Raw data:
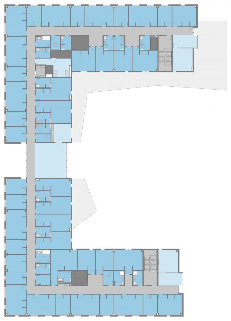 Accessed independently of first floor exhibition and pedagogical spaces, the second and third floors comprise a new residence hall for 106 students, featuring single and double rooms, kitchen areas, study lounges, and classroom space. Reinforcing student engagement with the arts, common areas and study rooms on the second floor are purposeful in providing visual connection to art galleries and common areas below, while outdoor covered patios and study spaces create a direct, physical link to the quad and exterior activities.
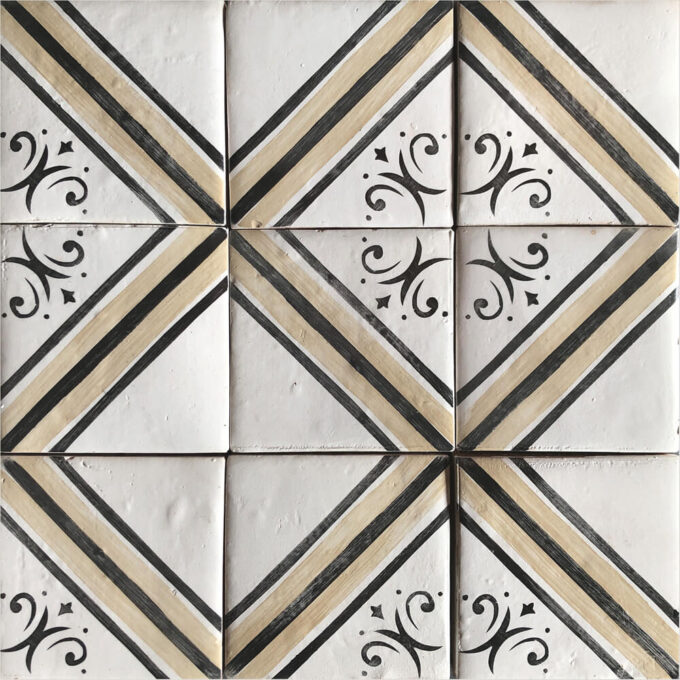 - DESCRIPTION Palio 13, a hand painted terracotta field, has some slight color variations and small imperfections that make this product one of a kind. Shown in latte and charcoal on off white.
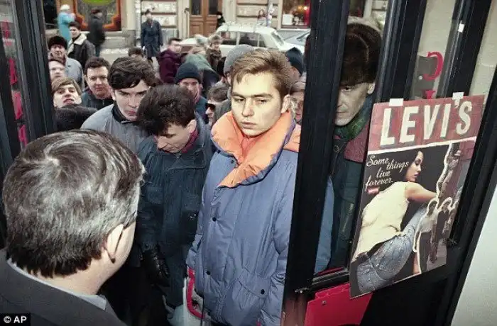 Сотни молодых людей ждут, когда откроет свои двери магазин Levi Strauss and Co, февраль 1993 года.

What you have to do: The reply should consist only of the lines from the top of the material above through the line with "- DESCRIPTION Palio", printed exactly, pictures omitted.

Your response:
 Accessed independently of first floor exhibition and pedagogical spaces, the second and third floors comprise a new residence hall for 106 students, featuring single and double rooms, kitchen areas, study lounges, and classroom space. Reinforcing student engagement with the arts, common areas and study rooms on the second floor are purposeful in providing visual connection to art galleries and common areas below, while outdoor covered patios and study spaces create a direct, physical link to the quad and exterior activities.
 - DESCRIPTION Palio 13, a hand painted terracotta field, has some slight color variations and small imperfections that make this product one of a kind. Shown in latte and charcoal on off white.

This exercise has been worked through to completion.